_Task prompt_
From the entries below, write out exactly the lines between the line holding "알캡처 폴더로 이동한 뒤 [Banner] 폴더를 삭제합니다." and the line holding "Parajumpers blue cotton", inclusive, excluding any pictures.

_Extracted entries_
★ ★ ★ ★

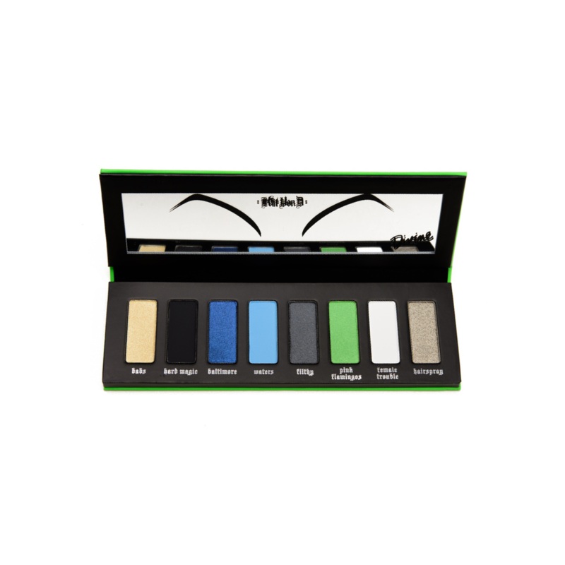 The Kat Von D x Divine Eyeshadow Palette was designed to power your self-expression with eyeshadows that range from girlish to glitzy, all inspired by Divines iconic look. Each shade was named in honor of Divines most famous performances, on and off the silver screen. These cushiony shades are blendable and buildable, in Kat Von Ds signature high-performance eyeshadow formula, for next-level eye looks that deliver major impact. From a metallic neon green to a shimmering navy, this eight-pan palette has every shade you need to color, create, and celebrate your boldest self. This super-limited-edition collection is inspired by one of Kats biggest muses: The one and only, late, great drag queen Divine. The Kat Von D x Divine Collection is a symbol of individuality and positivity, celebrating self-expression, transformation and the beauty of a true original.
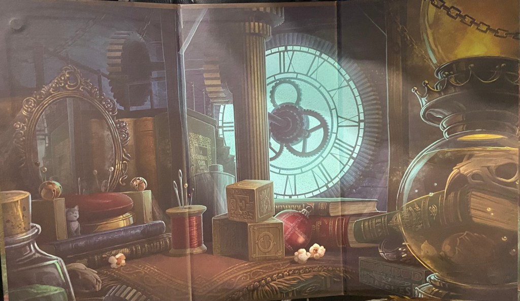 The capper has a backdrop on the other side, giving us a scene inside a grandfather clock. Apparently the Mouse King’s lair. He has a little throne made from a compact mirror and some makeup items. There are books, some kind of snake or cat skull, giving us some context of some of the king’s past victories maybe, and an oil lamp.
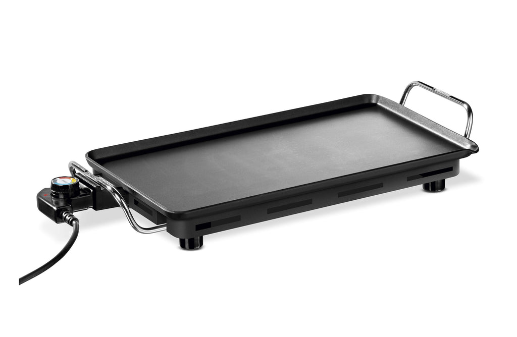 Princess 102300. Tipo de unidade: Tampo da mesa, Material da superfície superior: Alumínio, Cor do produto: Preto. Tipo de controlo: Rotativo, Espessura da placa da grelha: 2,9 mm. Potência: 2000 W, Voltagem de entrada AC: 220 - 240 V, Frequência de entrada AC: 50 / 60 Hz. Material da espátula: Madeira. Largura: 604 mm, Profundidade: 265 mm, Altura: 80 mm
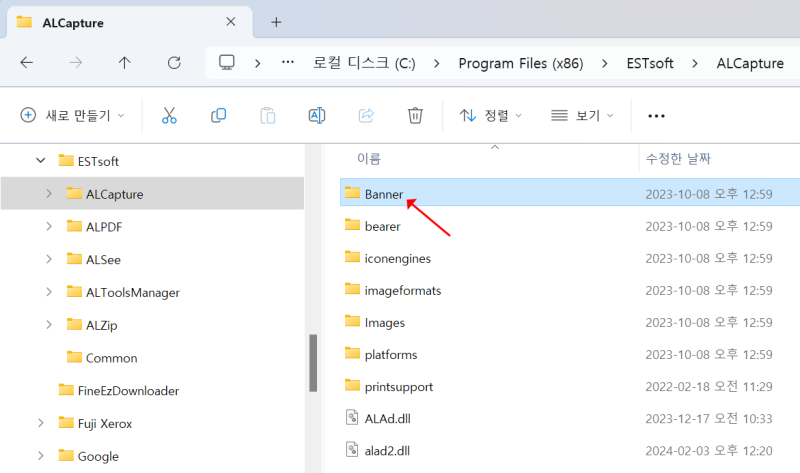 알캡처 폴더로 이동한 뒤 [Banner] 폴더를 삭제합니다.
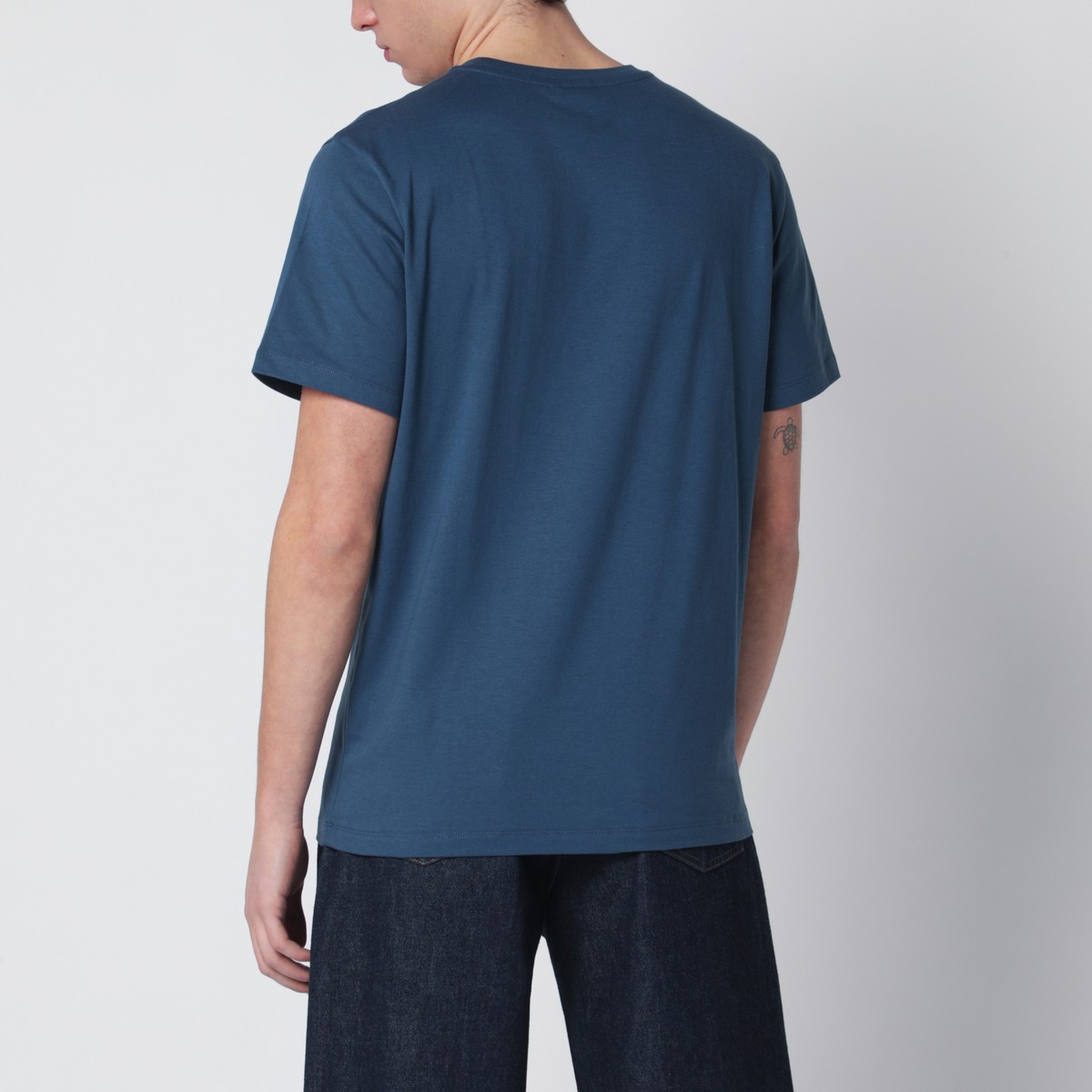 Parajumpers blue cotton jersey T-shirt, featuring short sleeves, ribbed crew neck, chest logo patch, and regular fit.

★ ★ ★ ★

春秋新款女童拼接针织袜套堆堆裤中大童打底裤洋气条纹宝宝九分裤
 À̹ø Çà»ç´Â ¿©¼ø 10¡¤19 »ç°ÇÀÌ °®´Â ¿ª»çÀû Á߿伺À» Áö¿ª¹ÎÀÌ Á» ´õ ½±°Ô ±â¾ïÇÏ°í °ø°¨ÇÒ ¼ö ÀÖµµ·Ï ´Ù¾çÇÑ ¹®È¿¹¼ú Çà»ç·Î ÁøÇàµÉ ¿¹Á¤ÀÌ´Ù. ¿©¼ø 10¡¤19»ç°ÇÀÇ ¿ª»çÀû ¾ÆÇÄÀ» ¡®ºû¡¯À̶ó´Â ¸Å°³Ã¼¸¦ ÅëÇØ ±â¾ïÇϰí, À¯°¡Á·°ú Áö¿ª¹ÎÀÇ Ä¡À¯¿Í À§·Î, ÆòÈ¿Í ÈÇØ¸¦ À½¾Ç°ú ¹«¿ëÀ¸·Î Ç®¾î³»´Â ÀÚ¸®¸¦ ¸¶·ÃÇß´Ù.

★ ★ ★ ★

_Your solution_
 알캡처 폴더로 이동한 뒤 [Banner] 폴더를 삭제합니다.
 Parajumpers blue cotton jersey T-shirt, featuring short sleeves, ribbed crew neck, chest logo patch, and regular fit.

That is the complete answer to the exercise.